Keywords: amyotrophic lateral sclerosis, wild-type SOD1, ER stress, aging, protein aggregation

Abstract

Abnormal modifications to mutant superoxide dismutase 1 (SOD1) are linked to familial amyotrophic lateral sclerosis (fALS). Misfolding of wild-type SOD1 (SOD1^WT) is also observed in postmortem tissue of a subset of sporadic ALS (sALS) cases, but cellular and molecular mechanisms generating abnormal SOD1^WT species are unknown. We analyzed aberrant human SOD1^WT species over the lifetime of transgenic mice and found the accumulation of disulfide–cross-linked high–molecular-weight SOD1^WT aggregates during aging. Subcellular fractionation of spinal cord tissue and protein overexpression in NSC-34 motoneuron-like cells revealed that endoplasmic reticulum (ER) localization favors oxidation and disulfide-dependent aggregation of SOD1^WT. We established a pharmacological paradigm of chronic ER stress in vivo, which recapitulated SOD1^WTaggregation in young transgenic mice. These species were soluble in nondenaturing detergents and did not react with a SOD1 conformation-specific antibody. Interestingly, SOD1^WT aggregation under ER stress correlated with astrocyte activation in the spinal cord of transgenic mice. Finally, the disulfide–cross-linked SOD1^WT species were also found augmented in spinal cord tissue of sALS patients, correlating with the presence of ER stress markers. Overall, this study suggests that ER stress increases the susceptibility of SOD1^WT to aggregate during aging, operating as a possible risk factor for developing ALS.

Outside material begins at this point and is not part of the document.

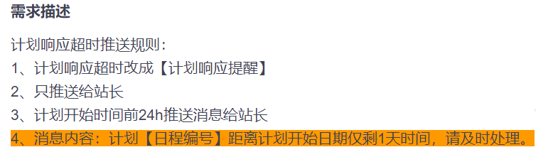 计划响应超时 -> 计划响应提醒 24h 生成站长待办的逻辑保留,同时去掉延时消息生成推送消息的逻辑 新增定时任务,查询当天第二天的计划,生成推送消息,提醒站长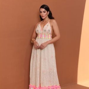Vestido em algodão com forro, comprimento longo, decote V e bordado.

Amyotrophic lateral sclerosis (ALS) is characterized by selective degeneration of motoneurons from cerebral cortex, brainstem, and spinal cord leading to muscle weakness, atrophy, paralysis, and premature death (1, 2). Most ALS cases are considered sporadic (sALS), while 10% are familial (fALS), involving mutations in superoxide dismutase 1 (SOD1), transactive response DNA binding protein 43 (TARDBP or TDP-43), fused in sarcoma/translocated in sarcoma (FUS/TLS), and the hexanucleotide repeat expansions in C9ORF72 as the most common alterations (1–3).

More than 150 mutations in SOD1 have been linked to ALS, with varying degrees of aggressiveness and aggregation propensity (4). SOD1 folding depends on complex posttranslational modifications, including the insertion of zinc and copper ions and intramolecular disulfide-bond formation, followed by homodimerization (4). Biochemical studies have shown that fALS-linked mutations destabilize SOD1 polypeptide, preventing its posttranslational processing with resultant accumulation of aggregation-prone species (5). Mutant SOD1 toxicity may be the result of disturbed cellular homeostasis at many levels, such as axonal transport, the cytoskeleton, mitochondrial function, and the secretory pathway, in addition to cell-nonautonomous mechanisms marked by the abnormal activation of microglia and astrocytes (6, 7).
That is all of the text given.